Assignment: Starting with the line that contains "Obsahuje: | Citronová", repeat exactly every line through the last one in the records below, and leave out the pictures.
----
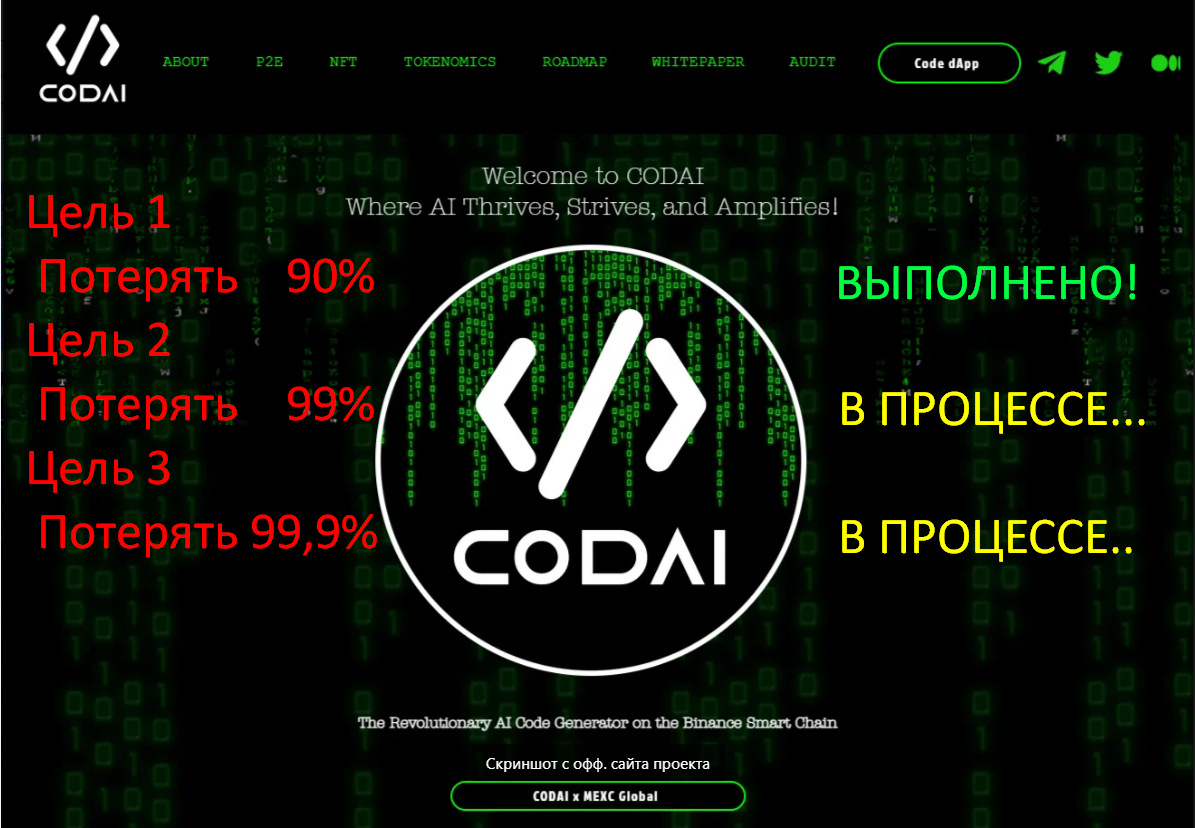 Я не Вага, не ясновидящий и никакой инсайдерской информацией я не обладал - просто метод анализа DAWR работает! Это я к тому что 10 августа я написал пост DAWR: Warning! Danger!| CODAI (CODAI), в котором изложил ближайшее будущее токена - сегодня оно подтвердилось! Буду благодарен за лайки и комментарии❤️ Данный контент не является финансовой рекомендацией. Все события и персонажи вымышлены. Любое сходство с реальными событиями случайно. Проводите собственный анализ и принимайте самостоятельные решения. 10 августа я поводил свои исследования и наткнулся на листинг токена CodAI (CODAI), который проходил на бирже MEXC. Там 98% токенов подобного толка листится, забирают ликвидность у хомячков и исчезают. Но токен CODAI привлек мое внимание своей "наглостью" - настолько переоцененных альтов я очень мало видел и такой токен стал бы очень показательным примером того, что анализ DAWR обладает огромнейшим потенциалом, основная задача которого уберечь людей от покупки переоцененных активов, ка
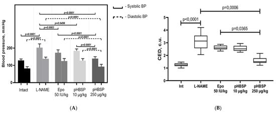 After simulation of endothelial dysfunction by the administration of N-nitro-L-arginine-methyl ether (L-NAME) in pregnant rats, systolic and diastolic blood pressure increased significantly (p < 0.0001) by 57.5 and 68.4% relative to intact animals, respectively. Administration of Epo 50 IU/kg, 11-amino acid peptide pHBSP (amino acid sequence QEQLERALNSS) at the doses of 10 µg/kg and 250 µg/kg to animals with experimental preeclampsia resulted in a decrease in systolic blood pressure by 14.6% (p = 0.0003), 9% (p = 0.0499) and 31.2% (p < 0.0001), and diastolic blood pressure by 9.5%, 7.9% and 32.8% (p < 0.0001), respectively, but the target level was not reached. (Figure 1A). Simulated ADMA (asymmetrical dimethylarginine)-like preeclampsia led to the development of endothelial dysfunction and violation of regulatory mechanisms of vascular tone, as evidenced by an increase in the coefficient of endothelial dysfunction (CED) by 148% (p < 0.0001) (Figure 1B). The administration of Epo 50 IU/kg, pHBSP for 10 days at the dosages of 10 µg/kg and 250 µg/kg in pregnant animals with ADMA-like preeclampsia led to a decrease in CED by 16.1%, 17.7%, and 48.6% (p = 0.0006), indicating improved endothelial function. When using pHBSP for 10 days kg at a dose of 250 μg/kg, the coefficient of endothelial dysfunction was statistically significantly lower than when using Epo (p = 0.0365).
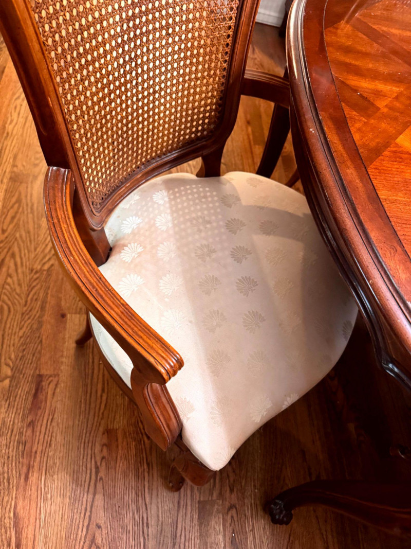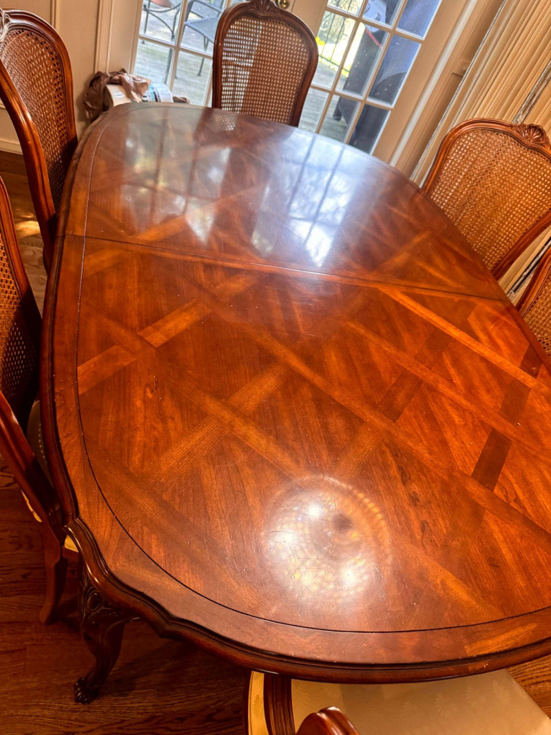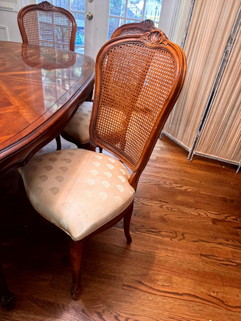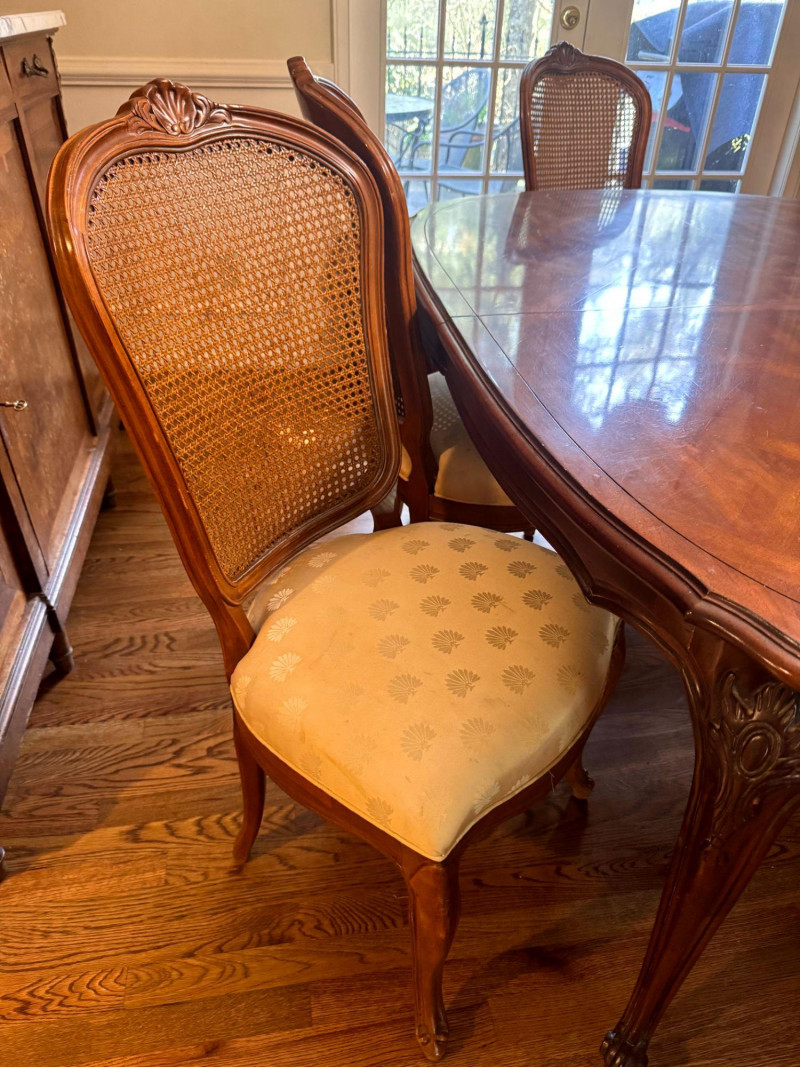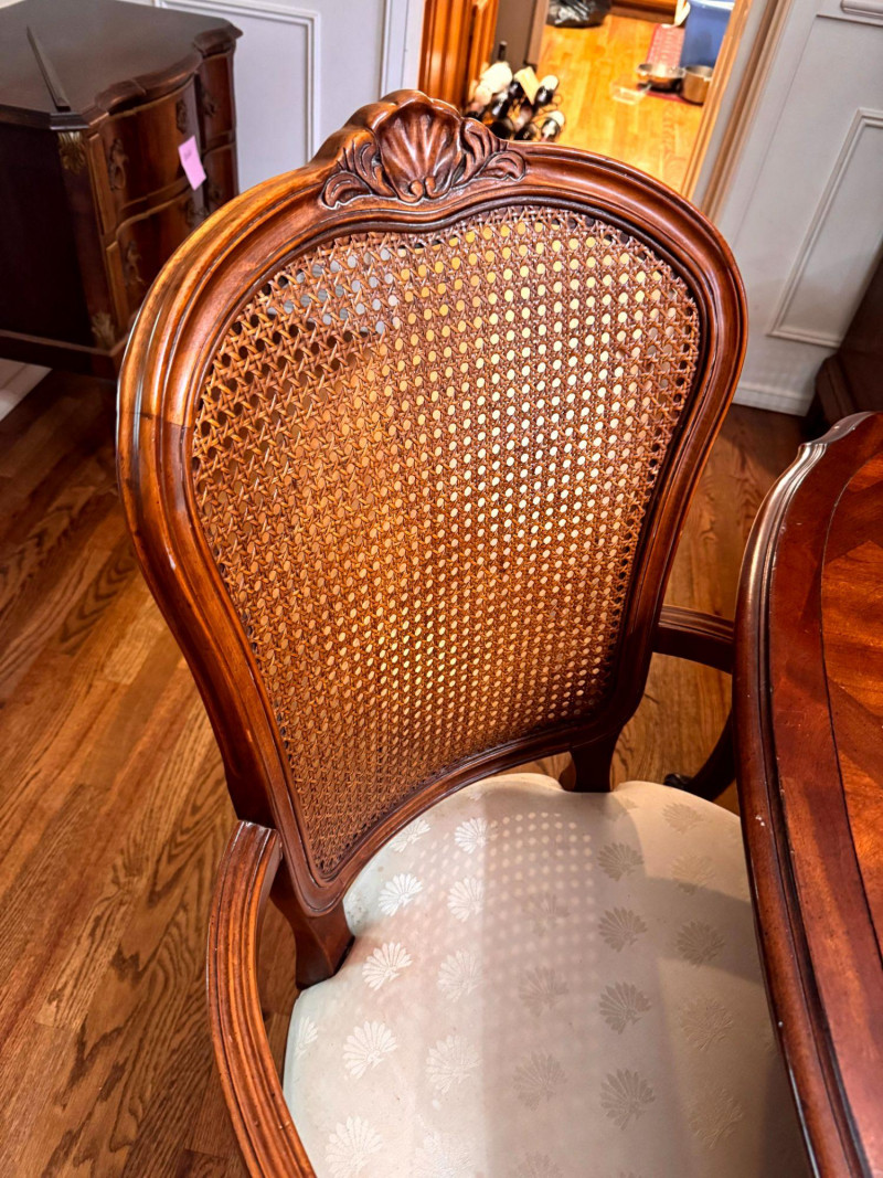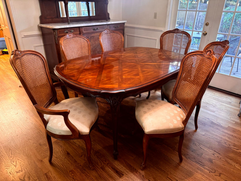 French Style Dining Table w/ 6 Cane Back Chairs By Century Furniture.
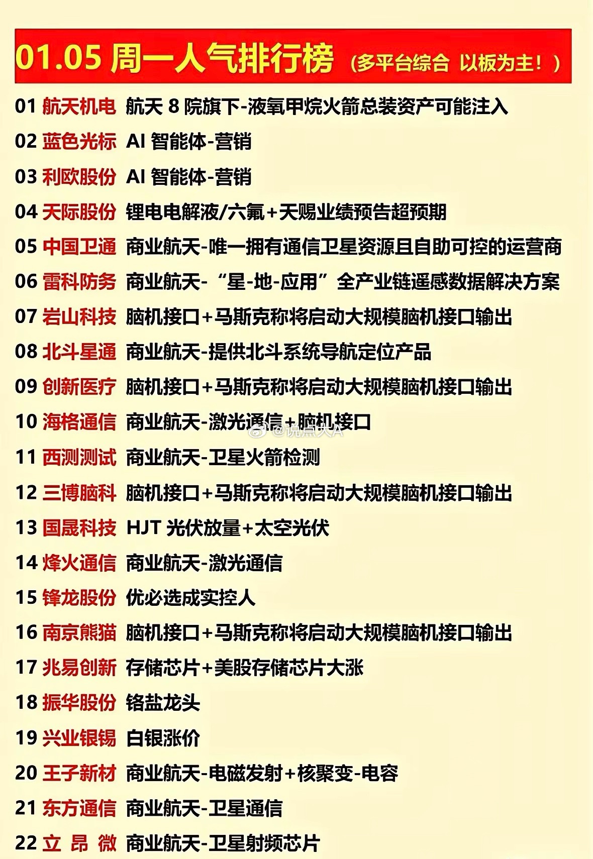 1.5周一人气排行榜梳理!今日市场的资金流向,热点高度聚焦在商业航天、AI智能体和脑机接口三大主线,同时存储芯片、贵金属等细分领域也有表现。这些标的都是当前最具政策催化、技术突破和市场想象力的方向,是短线情绪的核心载体。个股梳理分析1. 航天机电:作为航天8院旗下企业,因液氧甲烷火箭总装资产可能注入的预期成为榜首。这一资产注入预期带来了巨大的想象空间,是资金追捧的核心逻辑。2. 蓝色光标:AI智能体-营销领域的龙头,直接受益于AI技术在营销领域的商业化落地。其在数字营销的深厚布局,使其成为AI商业化进程中最受关注的标的之一。3. 利欧股份:与蓝色光标同属AI智能体-营销赛道,形成板块联动。公司在数字营销领域的积累,叠加AI赋能,成为资金挖掘的重点,享受行业发展红利。4. 天际股份:锂电电解液/六氟龙头,因天赐材料业绩预告超预期而受益。作为产业链相关标的,业绩预期改善带来的估值修复机会,吸引了资金的关注。5. 中国卫通:商业航天领域的核心资产,是唯一拥有通信卫星资源且自主可控的运营商。在商业航天大发展的背景下,其稀缺性和战略价值得到资金高度认可。6. 雷科防务:商业航天“星-地-应用”全产业链遥感数据解决方案提供商,覆盖卫星研发、数据应用等环节。其全产业链布局使其充分受益于商业航天的爆发。7. 岩山科技:脑机接口概念,因马斯克称将启动大规模脑机接口输出而受到热炒。作为前沿科技题材,短期情绪催化作用明显,是资金博弈的焦点。8. 北斗星通:商业航天领域提供北斗系统导航定位产品的核心企业,在卫星导航和位置服务领域技术领先。其受益于北斗系统的商业化应用和行业高景气。9. 创新医疗:脑机接口概念,与岩山科技形成板块联动。公司在医疗领域的布局叠加脑机接口的技术突破预期,成为资金追逐的情绪标的。10. 海格通信:商业航天+脑机接口双料概念股,涉及激光通信技术。其在卫星通信和高端通信设备领域的技术优势,使其成为多题材共振的核心标的。11. 西测测试:商业航天领域的卫星火箭检测服务商,为航天发射提供关键检测服务。作为商业航天产业链不可或缺的一环,直接受益于行业的高增长。12. 三博脑科:脑机接口概念,与马斯克的技术进展预期高度相关。作为神经外科和脑科学领域的细分龙头,成为脑机接口题材的核心标的。13. 国晟科技:HJT光伏放量+太空光伏概念,在光伏技术迭代和太空能源探索的双重催化下,成为资金挖掘的跨界题材标的,兼具技术想象空间。14. 烽火通信:商业航天领域的激光通信技术提供商,在光通信领域技术实力雄厚。作为卫星通信和地面通信网络的核心设备商,受益于航天通信需求增长。15. 锋龙股份:因优必选成实控人而受到关注,优必选作为人形机器人领域的领先企业,其入主带来了机器人产业链的想象空间,成为短期情绪标的。16. 南京熊猫:脑机接口概念,与马斯克的技术进展形成事件催化。公司在电子信息领域的技术积累,使其成为脑机接口题材的补涨标的。17. 兆易创新:存储芯片龙头,因美股存储芯片大涨而受益。作为国内存储芯片的核心企业,行业周期复苏和国产替代逻辑使其成为资金配置的重点。18. 振华股份:铬盐龙头,受益于行业供需格局改善,业绩预期向好。作为细分领域的龙头企业,其估值修复机会受到资金的持续关注。19. 兴业银锡:白银涨价受益标的,贵金属价格上涨带来业绩弹性。在通胀预期和避险情绪的影响下,白银资产的配置价值提升,吸引资金布局。20. 王子新材:商业航天-电磁发射+核聚变-电容概念,涉及前沿能源技术。作为资金挖掘的冷门题材标的,其技术想象空间巨大,成为短线情绪标的。21. 东方通信:商业航天-卫星通信概念,作为曾经的5G龙头,在卫星通信领域的布局使其成为商业航天题材的情绪标的。资金对其记忆性较强,容易形成联动。22. 立昂微:商业航天-卫星射频芯片提供商,在半导体射频芯片领域技术领先。作为卫星通信产业链的核心环节,直接受益于航天电子需求的增长。总结 今日市场热点呈现出高度集中、主线清晰的特征。商业航天、AI智能体、脑机接口三大方向成为资金的主战场,这些板块的龙头标的大多兼具基本面支撑和题材想象力,这既反映了市场对前沿科技的强烈预期,也体现了资金在存量博弈下抱团取暖的策略。对于短线交易者而言,这些主线和核心标的是观察市场情绪的关键窗口。本文涉及资讯、数据等内容来自网络公共信息,仅供参考,不构成投资建议!
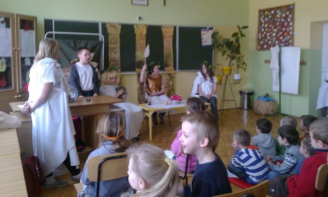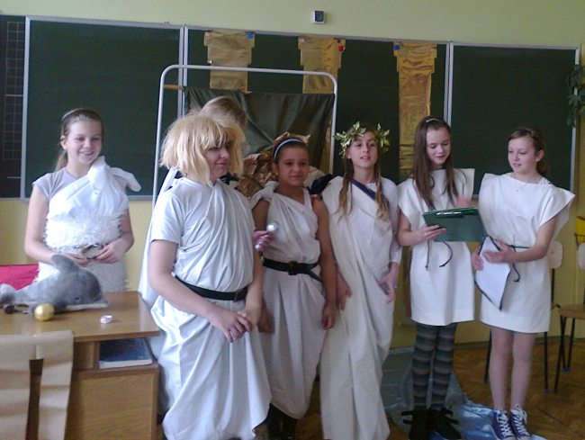 Przygotowali historię króla Syzyfa oraz spór bogiń o złote jabłko. Należy dodać, że nasi uczniowie nie tylko ciekawie odegrali role, ale sami byli twórcami scenariusza, kostiumów i dekoracji. Występy młodych aktorów oceniała niezwykle miła, acz wymagająca publiczność z oddziałów przedszkolnych. Nasi milusińscy przyrzekli, że za kilka lat sami przygotują takie przedstawienie. Trzymamy ich za słowo!
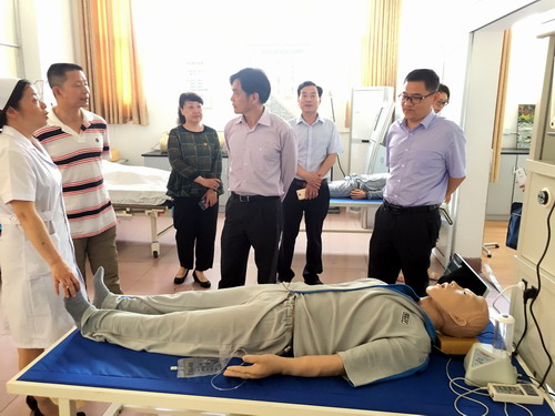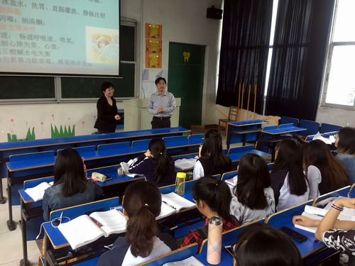 汇报会结束后,督查组一行实地走访了基础护理实验室、健康评估实验室、手术室等五个实验室,认真听取讲解员讲解,现场观摩了2015级护理本科班实习前强化训练课程。随后,督查组进入护理学院评估资料室随机抽查了教师工作手册、试卷及教案讲稿等材料。杨耀防副校长还提前深入护理学院教室查看了师生课堂教学情况,重点听了邹敏老师的课并给予高度评价。
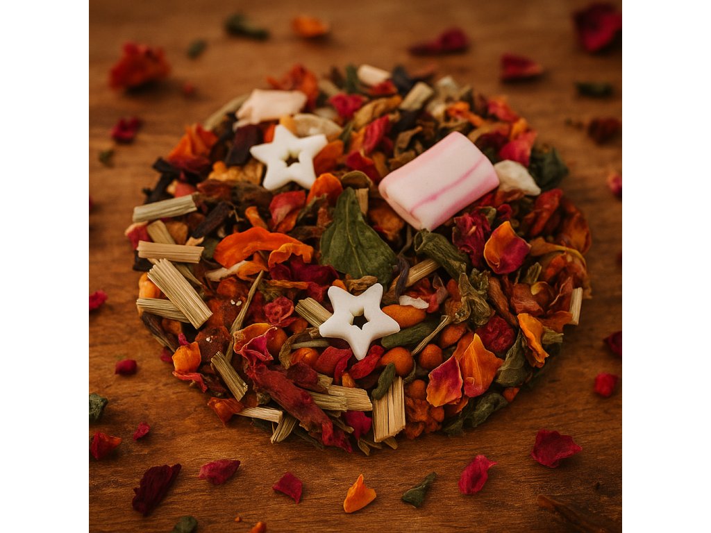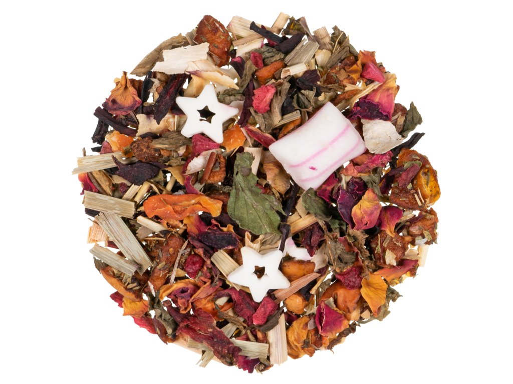 Obsahuje: | Citronová tráva, Kousky jablek, Květy ibišku, Lusky fazole, Okvětní lístky růže, Stévie, Přírodní aroma, Mátové bonbony, Bílé cukrové hvězdy, Kousky mrkve, Máta nana, Kousky malín |
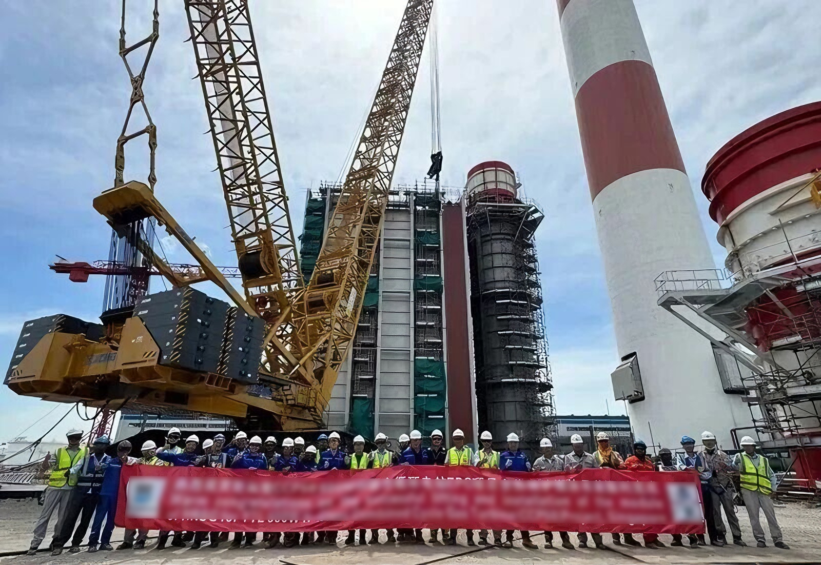 近日,在东南亚600兆瓦联合循环电站项目建设现场 蓝莓TV,徐工XGC16000(1250吨级)履带起重机圆满完成余热锅炉全部受热面模块的吊装任务。
----
Exercise solution:
 Obsahuje: | Citronová tráva, Kousky jablek, Květy ibišku, Lusky fazole, Okvětní lístky růže, Stévie, Přírodní aroma, Mátové bonbony, Bílé cukrové hvězdy, Kousky mrkve, Máta nana, Kousky malín |
 近日,在东南亚600兆瓦联合循环电站项目建设现场 蓝莓TV,徐工XGC16000(1250吨级)履带起重机圆满完成余热锅炉全部受热面模块的吊装任务。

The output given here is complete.